Saya yg entah berumur berapa saat itu, hanya bersembunyi dan menangis dalam diam. Karena saya takut, saya takut ayah mulai memarahi seperti yg dia lakukan kepada mamah. Kemudian mamah mulai pulang ke rumah orang tuanya. Meninggalkan saya dengan ayah. Saya yg saat itu memohon dia untuk tinggal tidak di gubris.

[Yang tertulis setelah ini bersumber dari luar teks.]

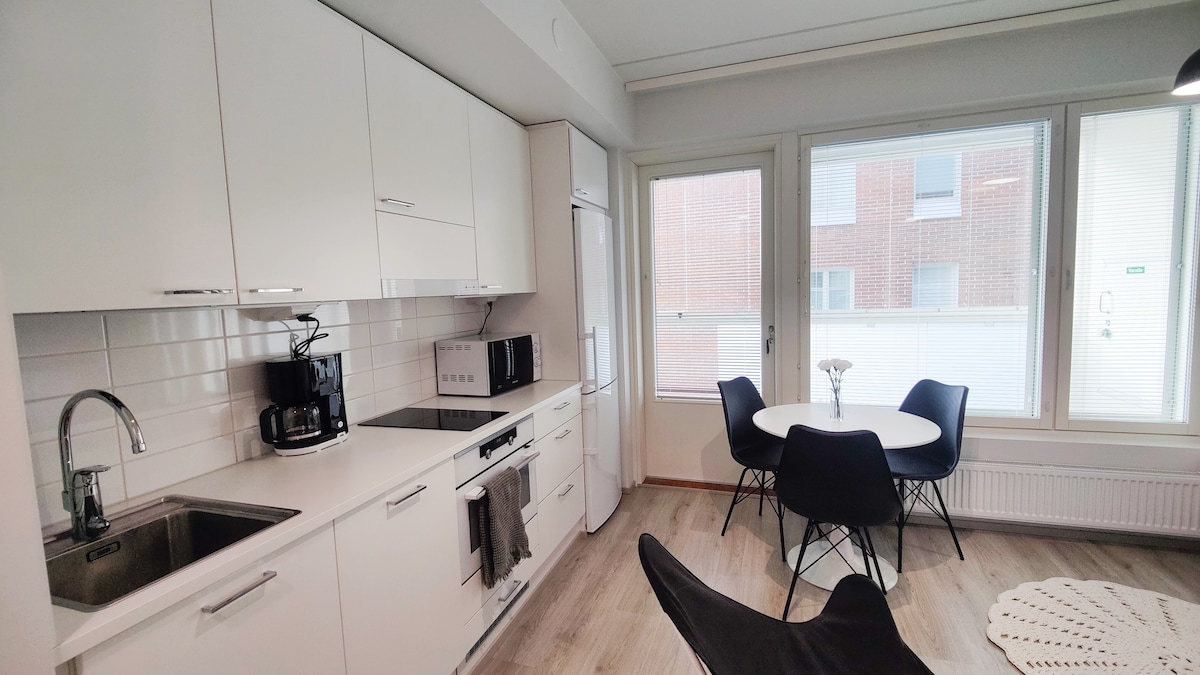 Apartamento nuevo con la mejor ubicación en Tikkurila. Llegada autónoma A solo 250 metros de la estación de trenes de Tikkurila. Conexión en tren a 15 minutos del centro de Helsinki y a 10 minutos del aeropuerto. Rodeado de supermercados, cafeterías, restaurantes, etc. Wifi gratis. Cafetera de cápsulas con café de cortesía. Cocina totalmente equipada. Luces atenuables. Estudio moderno y elegante con todo lo necesario.

Setelah beberapa waktu yg saya tidak ingat dimana rumah tangga ayah dan mamah di ambang runtuh, mereka kembali bersama atas saran dari seorang tetua. Saya pikir saya kembali memiliki harapan tetapi nyatanya tidak. Ayah berubah, wataknya menjadi pemarah dan wajahnya selalu keras. Beberapa bulan kemudian saya di beritahu bahwa saya akan memiliki adik. Saya yg psikisnya terguncang tersisihkan.

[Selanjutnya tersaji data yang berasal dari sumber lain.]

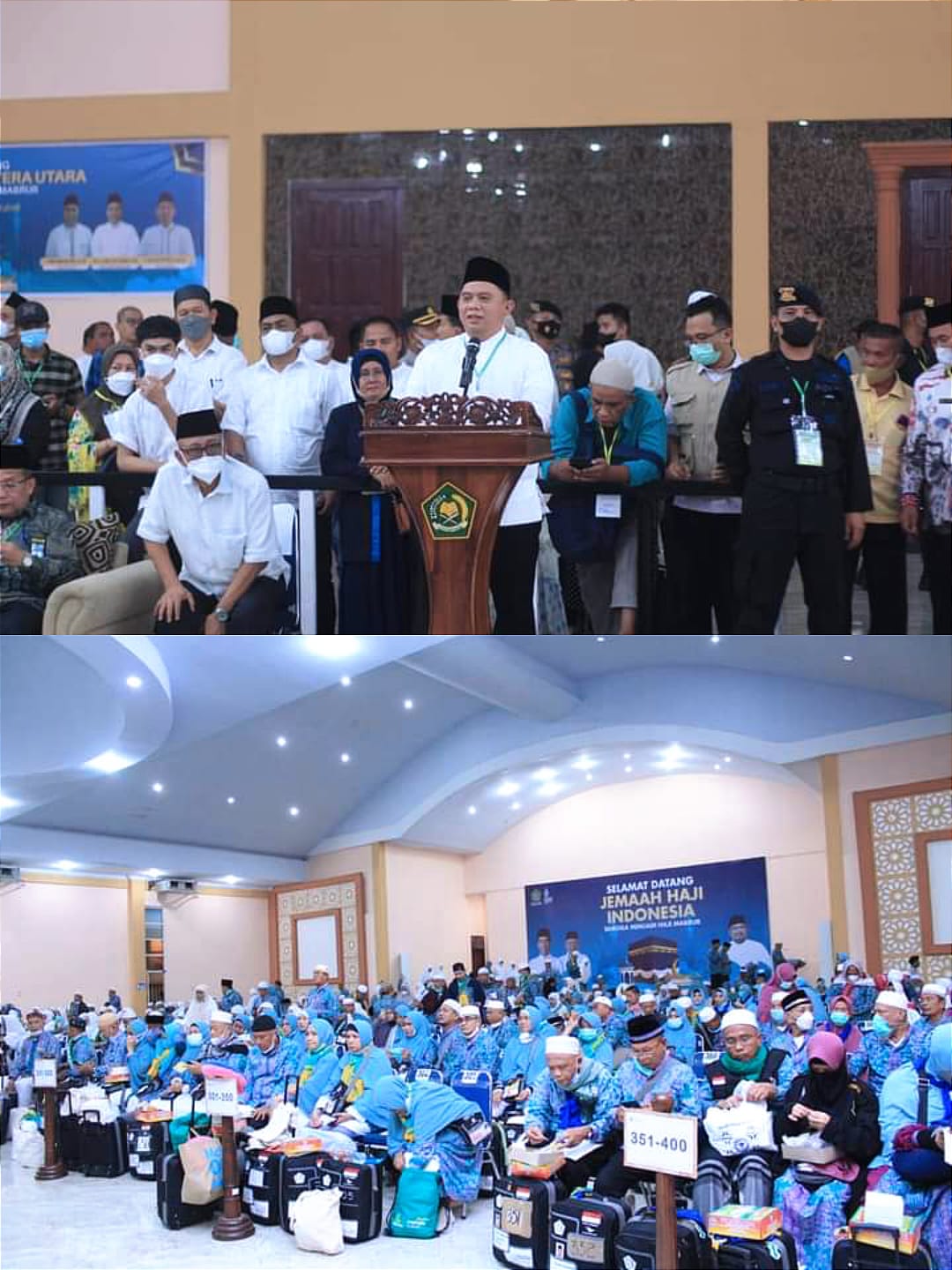“Khususnya untuk Kabupaten Labuhanbatu, dahulu diantar oleh bapak Bupati, sekarang di jemput juga oleh Bupati dan lebih utama lagi hari ini bapak Wakil Menteri Agama juga hadir untuk menyambut bapak dan ibu sekalian,”Ucapnya.

Sejak saat di mulai konflik itu, saya seperti tersadar. Di umur saya yg 8, saya mulai tidak percaya orang lain. Disekolah saya mulai menyendiri di belakang sekolah, karena saya merasa bahwa saya di manfaatkan oleh teman-teman saya.
Saya tidak benar-benar memiliki teman hingga kelas 2 SMP. Saya tidak mempercayai orang lain. Setiap hari, di istirahat, saya hanya akan pergi ke belakang sekolah, tempat apotek hidup, atau hanya diam di kelas.
Kemudian saya sadar bahwa saya memiliki psikis yg rapuh dan cacat. Seperti saat ayah saya berkata kepada orang lain tentang prestasi saya. Di jiwa saya seakan tertanam bahwa saya harus sempurna dimata orang lain, karena saya takut ayah marah atau memukul saya. Tetapi saya bahkan tidak bisa sempurna karena saya memiliki disleksia. Saya terkadang kesulitan membaca, berbicara, menulis. Yang membuat saya memarahi diri saya sendiri karena bodoh.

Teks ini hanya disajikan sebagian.